─── SUPPLIED MATERIAL
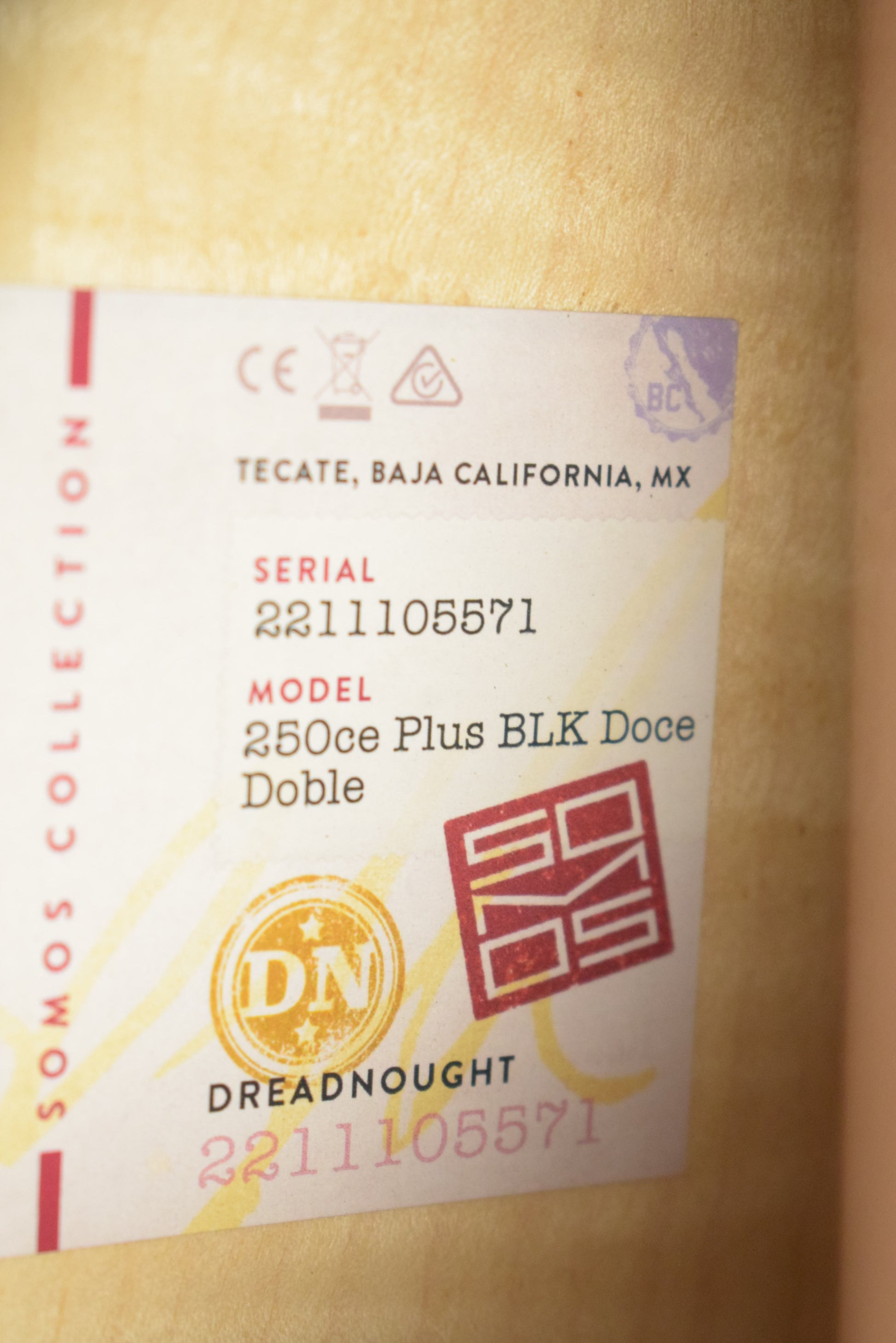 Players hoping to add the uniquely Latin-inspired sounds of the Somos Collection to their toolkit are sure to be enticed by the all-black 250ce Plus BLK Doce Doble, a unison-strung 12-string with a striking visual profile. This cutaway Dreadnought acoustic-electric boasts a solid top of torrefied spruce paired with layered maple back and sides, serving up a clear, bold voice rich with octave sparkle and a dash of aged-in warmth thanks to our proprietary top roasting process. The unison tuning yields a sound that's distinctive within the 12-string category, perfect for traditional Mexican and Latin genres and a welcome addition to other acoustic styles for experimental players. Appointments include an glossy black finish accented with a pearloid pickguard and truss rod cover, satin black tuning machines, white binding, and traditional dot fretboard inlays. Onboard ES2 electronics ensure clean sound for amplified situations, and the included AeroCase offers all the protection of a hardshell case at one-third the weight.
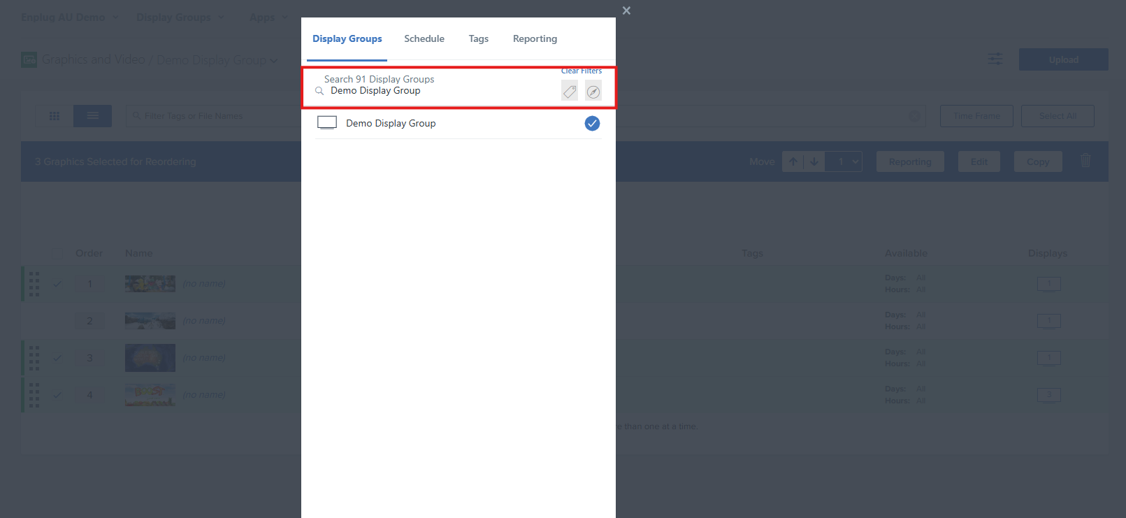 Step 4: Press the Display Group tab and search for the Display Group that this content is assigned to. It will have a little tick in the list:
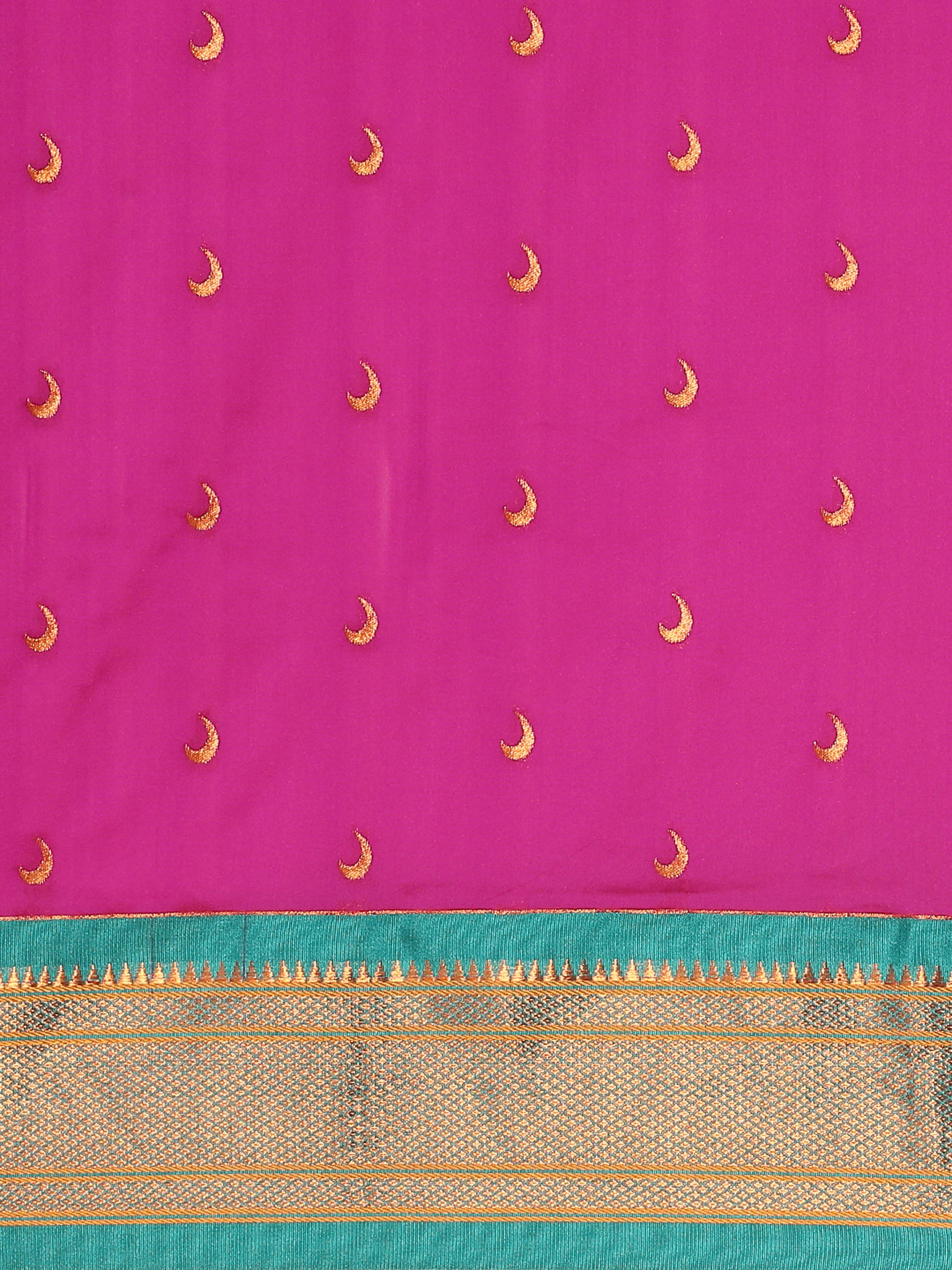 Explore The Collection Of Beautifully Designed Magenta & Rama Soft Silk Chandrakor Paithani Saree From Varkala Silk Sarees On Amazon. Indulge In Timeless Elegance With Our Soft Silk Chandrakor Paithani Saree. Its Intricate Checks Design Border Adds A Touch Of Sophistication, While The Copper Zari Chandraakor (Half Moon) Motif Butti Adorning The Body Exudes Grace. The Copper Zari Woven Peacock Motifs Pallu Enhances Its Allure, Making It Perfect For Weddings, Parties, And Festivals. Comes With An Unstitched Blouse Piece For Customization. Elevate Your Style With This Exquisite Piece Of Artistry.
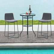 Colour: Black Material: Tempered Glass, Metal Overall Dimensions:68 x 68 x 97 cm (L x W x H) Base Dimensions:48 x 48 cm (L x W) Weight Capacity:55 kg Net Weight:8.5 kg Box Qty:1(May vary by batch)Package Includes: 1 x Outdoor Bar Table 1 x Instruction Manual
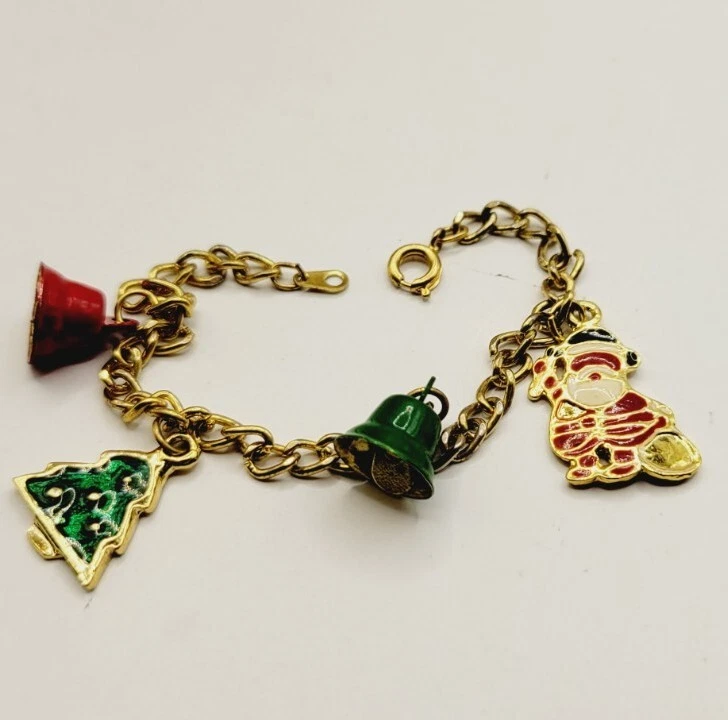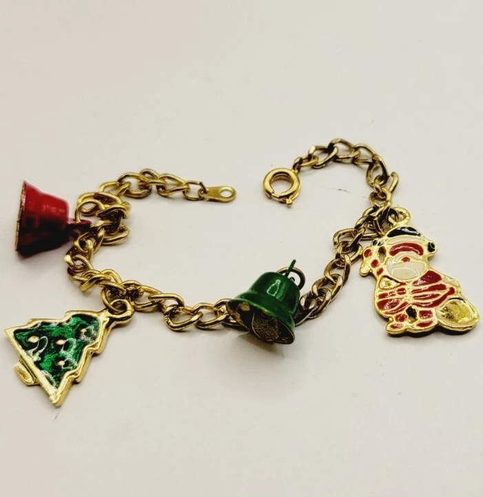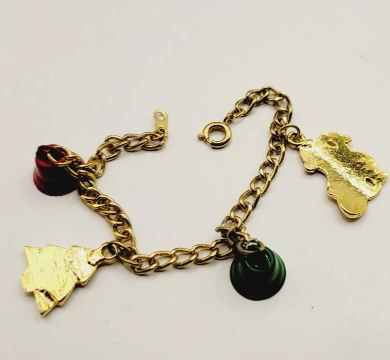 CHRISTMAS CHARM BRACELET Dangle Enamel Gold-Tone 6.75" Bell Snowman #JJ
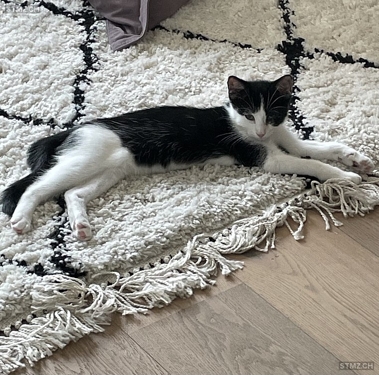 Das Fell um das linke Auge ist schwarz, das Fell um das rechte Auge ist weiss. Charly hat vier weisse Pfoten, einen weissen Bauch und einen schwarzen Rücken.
──────
WHAT TO PRODUCE> Without including any picture, set down every line above exactly as it stands.

SOLUTION>
 Players hoping to add the uniquely Latin-inspired sounds of the Somos Collection to their toolkit are sure to be enticed by the all-black 250ce Plus BLK Doce Doble, a unison-strung 12-string with a striking visual profile. This cutaway Dreadnought acoustic-electric boasts a solid top of torrefied spruce paired with layered maple back and sides, serving up a clear, bold voice rich with octave sparkle and a dash of aged-in warmth thanks to our proprietary top roasting process. The unison tuning yields a sound that's distinctive within the 12-string category, perfect for traditional Mexican and Latin genres and a welcome addition to other acoustic styles for experimental players. Appointments include an glossy black finish accented with a pearloid pickguard and truss rod cover, satin black tuning machines, white binding, and traditional dot fretboard inlays. Onboard ES2 electronics ensure clean sound for amplified situations, and the included AeroCase offers all the protection of a hardshell case at one-third the weight.
 Step 4: Press the Display Group tab and search for the Display Group that this content is assigned to. It will have a little tick in the list:
 Explore The Collection Of Beautifully Designed Magenta & Rama Soft Silk Chandrakor Paithani Saree From Varkala Silk Sarees On Amazon. Indulge In Timeless Elegance With Our Soft Silk Chandrakor Paithani Saree. Its Intricate Checks Design Border Adds A Touch Of Sophistication, While The Copper Zari Chandraakor (Half Moon) Motif Butti Adorning The Body Exudes Grace. The Copper Zari Woven Peacock Motifs Pallu Enhances Its Allure, Making It Perfect For Weddings, Parties, And Festivals. Comes With An Unstitched Blouse Piece For Customization. Elevate Your Style With This Exquisite Piece Of Artistry.
 Colour: Black Material: Tempered Glass, Metal Overall Dimensions:68 x 68 x 97 cm (L x W x H) Base Dimensions:48 x 48 cm (L x W) Weight Capacity:55 kg Net Weight:8.5 kg Box Qty:1(May vary by batch)Package Includes: 1 x Outdoor Bar Table 1 x Instruction Manual
 CHRISTMAS CHARM BRACELET Dangle Enamel Gold-Tone 6.75" Bell Snowman #JJ
 Das Fell um das linke Auge ist schwarz, das Fell um das rechte Auge ist weiss. Charly hat vier weisse Pfoten, einen weissen Bauch und einen schwarzen Rücken.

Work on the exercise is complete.